Why is the highest rated answer 3.70x slower than this ?
% echo; ( time (nice echo 33785139853861968123689586196851968365819658395186596815968159826259681256852169852986 \
| mawk2 'gsub(//,($_)($_)($_))+gsub(//,($_))+1' | pvE0 \
| mawk2 '
function __(_,___,____,_____) {
____=gsub("[^1-9]+","",_)~""
___=10
while((+____<--___) && _) {
_____+=___*gsub(___,"",_)
}
return _____+length(_) }
BEGIN { FS=OFS=ORS
RS="^$"
} END {
print __($!_) }' )| pvE9 ) | gcat -n | lgp3 ;
in0: 173MiB 0:00:00 [1.69GiB/s] [1.69GiB/s] [<=> ]
out9: 11.0 B 0:00:09 [1.15 B/s] [1.15 B/s] [<=> ]
in0: 484MiB 0:00:00 [2.29GiB/s] [2.29GiB/s] [ <=> ]
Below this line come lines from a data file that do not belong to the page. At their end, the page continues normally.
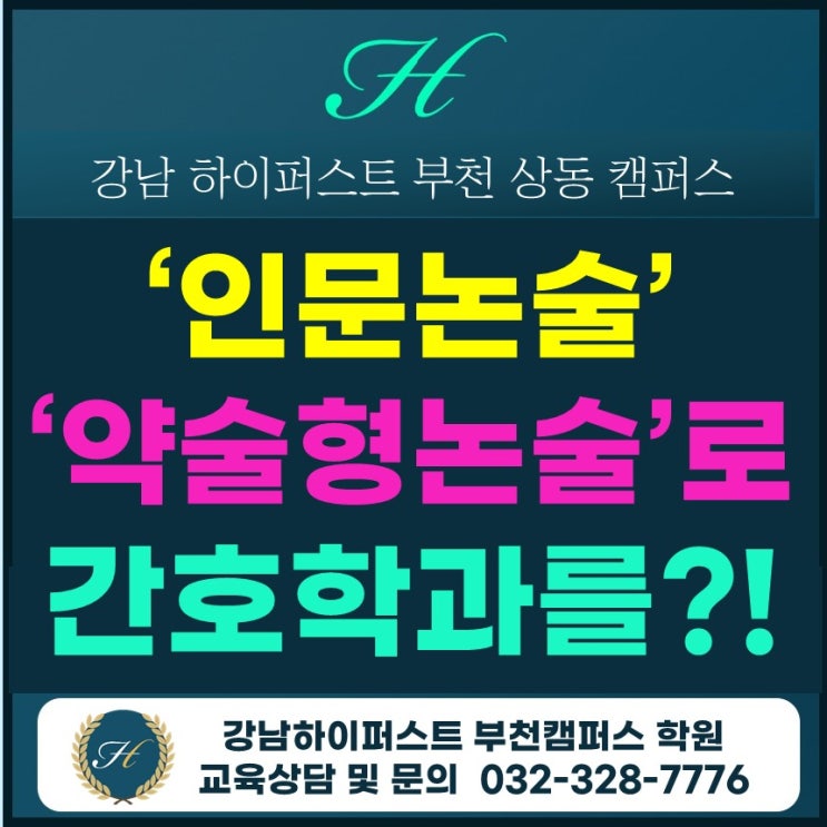 안녕하세요~~ 강남하이퍼스트 부천캠퍼스 원장 이정아입니다. 오랜동안 학생들을 지도하며 가장 안타까운 순간은, 간호학과라는 확고한 꿈이 있음에도 불구하고 '문과라서', 혹은 '내신 성적이 부족해서' 포기하려는 제자들을 볼 때입니다. 하지만 결론부터 말씀드리면, 길은 반드시 있습니다. 수능 최저학력기준과 논술이라는 도구를 잘 활용한다면, 지금의 성적으로는 상상하지 못했던 대학의 간호학과 과잠을 입을 수 있습니다. 오늘 그 구체적인 전략을 가감 없이 공유합니다. 1. 문과생도 가능하다! 인문논술로 가는 간호학과 많은 학부모님과 학생들이 간호학과는 이과만의 전형이라고 생각하시지만, 주요 상위권 대학....... <img src="https://blogthumb.pstatic.net/MjAyNjA0MjBfMjM0/MDAxNzc2NjgxMDQ4Mjg1.Lfd9xeYzAG8oWBcWKY5kebLkZDdh77k-9vigc4LKoc4g.CbpCwVp2KrxVecvtANb92Bs4AwtdjJ85K_yObTvFdnMg.JPEG/%C0%CE%B3%ED%BE%E0%B3%ED%B0%A3%C8%A3%C7%D0%B0%FA.jpg?type=s3" />
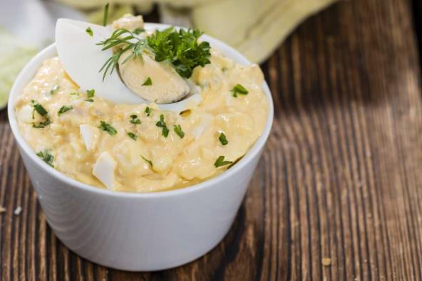 Obarite jaja i isecite na polovine. Pomešajte pavlaku i majonez i prelijte preko prevrnutih polovina.
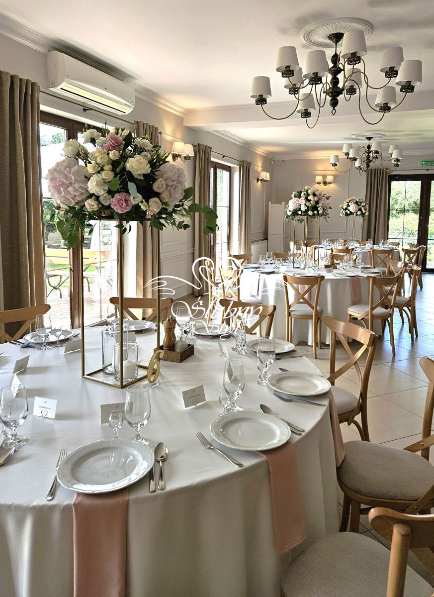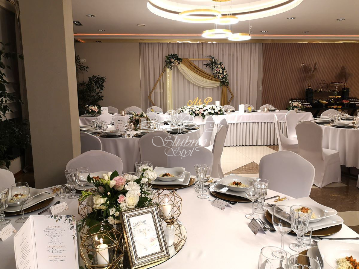 Dekoracje na wysokich złotych stojakach - Zajazd w Białej
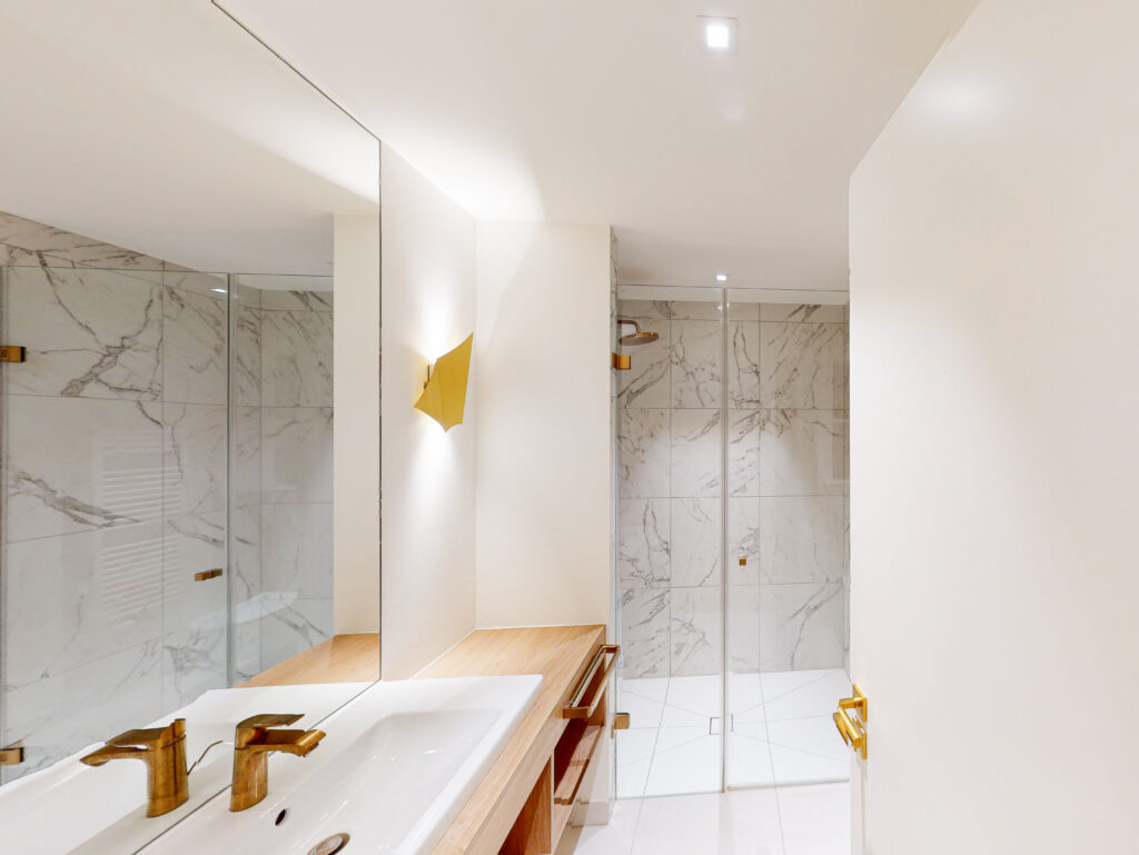 Das hier angebotene Studioapartment verfügt über einen geräumigen Wohn-/Ess-/Schlafbereich mit durchdachtem Schrankkonzept. Bodentiefe Fenster mit vorgelagertem Balkon sorgen für viel Licht im Raum. Ein modernes Duschbad mit Fliesen in Mamoroptik und goldenen Armaturen rundet das Profil dieses exklusiven Apartments ab.

( nice echo | mawk2 'gsub(//,($_)($_)($_))+gsub(//,($_))+1' | pvE 0.1 in0 | )
8.52s user 1.10s system 100% cpu 9.576 total
1 2822068024
% echo; ( time ( nice echo 33785139853861968123689586196851968365819658395186596815968159826259681256852169852986 \
\
| mawk2 'gsub(//,($_)($_)($_))+gsub(//,($_))+1' | pvE0 \
| gtr -d '\n' \
\
| python3 -c 'import math, os, sys;
[ print(sum(int(digit) for digit in str(ln)), \
end="\n") \
\
for ln in sys.stdin ]' )| pvE9 ) | gcat -n | lgp3 ;
in0: 484MiB 0:00:00 [ 958MiB/s] [ 958MiB/s] [ <=> ]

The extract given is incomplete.